From my experience, there is little chance that a high-value data science initiative will succeed without a top management champion. Users of the data science product usually need to be more connected to technical data experts. Providing the organizational means to collaborate as closely as possible requires the formal authority to change the organization towards this model. Failure to provide top management support risks the project being sidetracked by secondary organizational and technical interests, setting it on track to become another project on the pile of “data things we have tried but were not successful with”. Leading a data science project also means being able and courageous enough to stop the project when it becomes clear that user value creation is not happening.
Think Product
In their article “Approach Your Data with a Product Mindset”, Jedd Davis, Dave Nussbaum, and Kevin Troyanos argue that
Digital transformation is “[…] a matter of identifying each team’s unmet needs, developing analytics point solutions that address these needs, abstracting these solutions into analytics products that can be used to address additional needs down the line, and packaging these products in a way that drives adoption by stakeholders across the organization.” (Davis et al., 2020)
Iteratively building a product based on user feedback is a great way to develop data science products. Agile principles, in contrast to traditional waterfall principles, provide an excellent basis for companies to do so.

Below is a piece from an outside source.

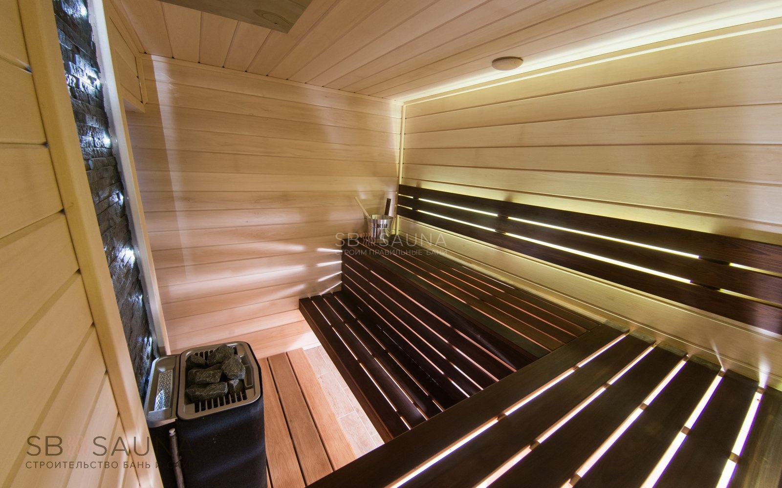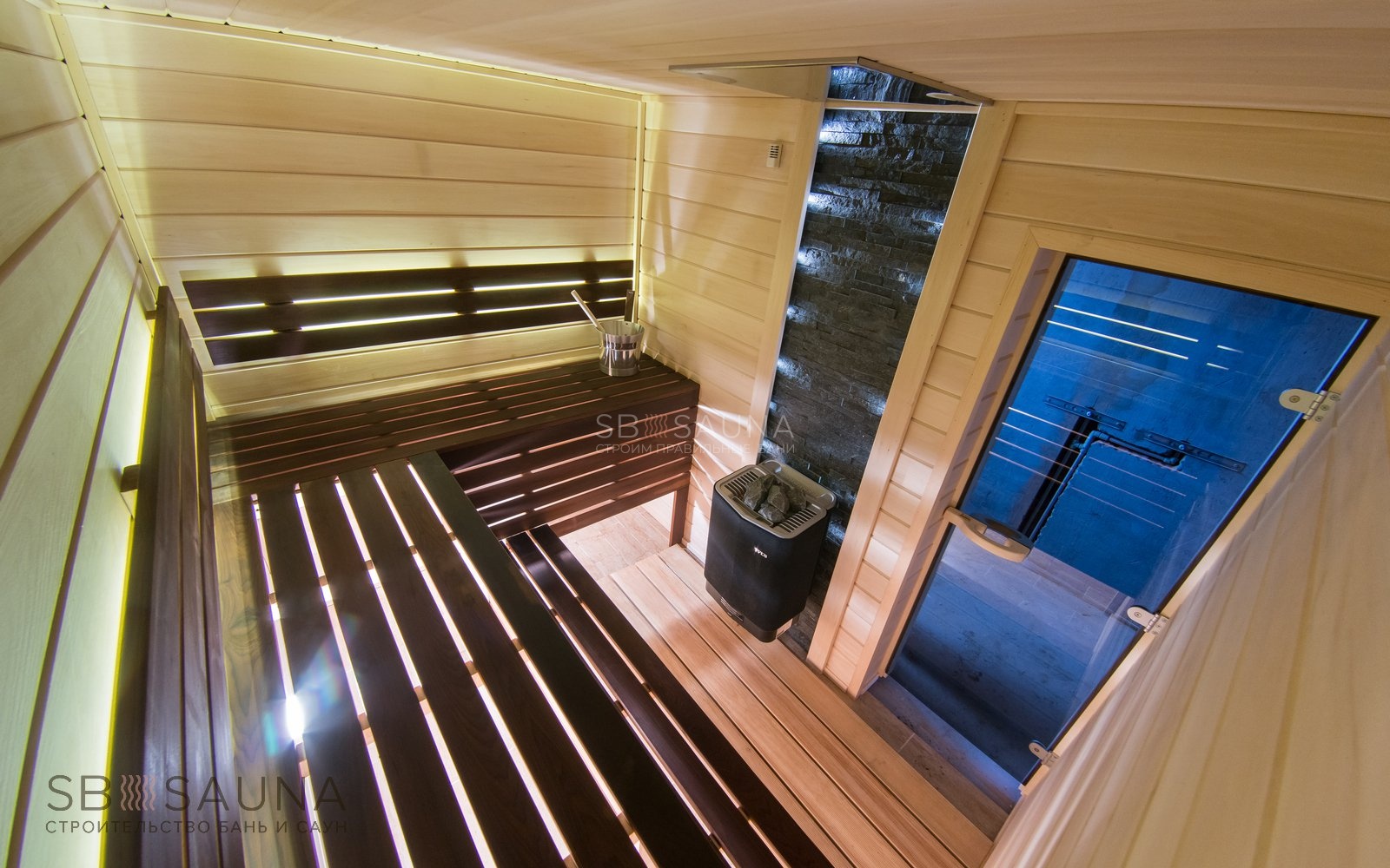 .Обратите внимание на сочетание темного и светлого дерева и печеного угла из природного камня талькохлорита.

As discussed above, data science, being “science”, is uncertain. One cannot know whether the idea for generating user value will work until experiments with the data are done. As the product is being developed, more data may be needed or methods must be adjusted. An agile approach with an interdisciplinary team that collaborates with users, in contrast to a waterfall throw-over-the-fence-please-solve-my-problem approach, will allow dynamically adapting to the organization's reality and identifying and pushing its bounds where required. A fast feedback loop ensues, minimizing the risk that the data science project is derailed from delivering its estimated high ROI or, if unsuccessful, quickly providing transparency that the project is going nowhere.
Taking an agile approach will also prevent you from tapping into one of the many fallacies with data: Data collection without purpose. There is no point in collecting data that “you might need in the future for some project”. This is a dangerous approach because collecting and maintaining data takes effort, blocking resources from the organization that could be otherwise used to develop user-focused data projects based on an actual need. An agile approach will dictate data collection only if needed to solve a business case.
An agile product approach can be an enormous challenge in traditional matrix organizations. For starters, you want all team members to be fully committed to the project so that it can achieve its business value without distractions. The most challenging issue here is that you need to form a product team. A product team fully committed to providing business value to the project. A product team that has organizational and technical autonomy to do what it takes to generate business value for the product users.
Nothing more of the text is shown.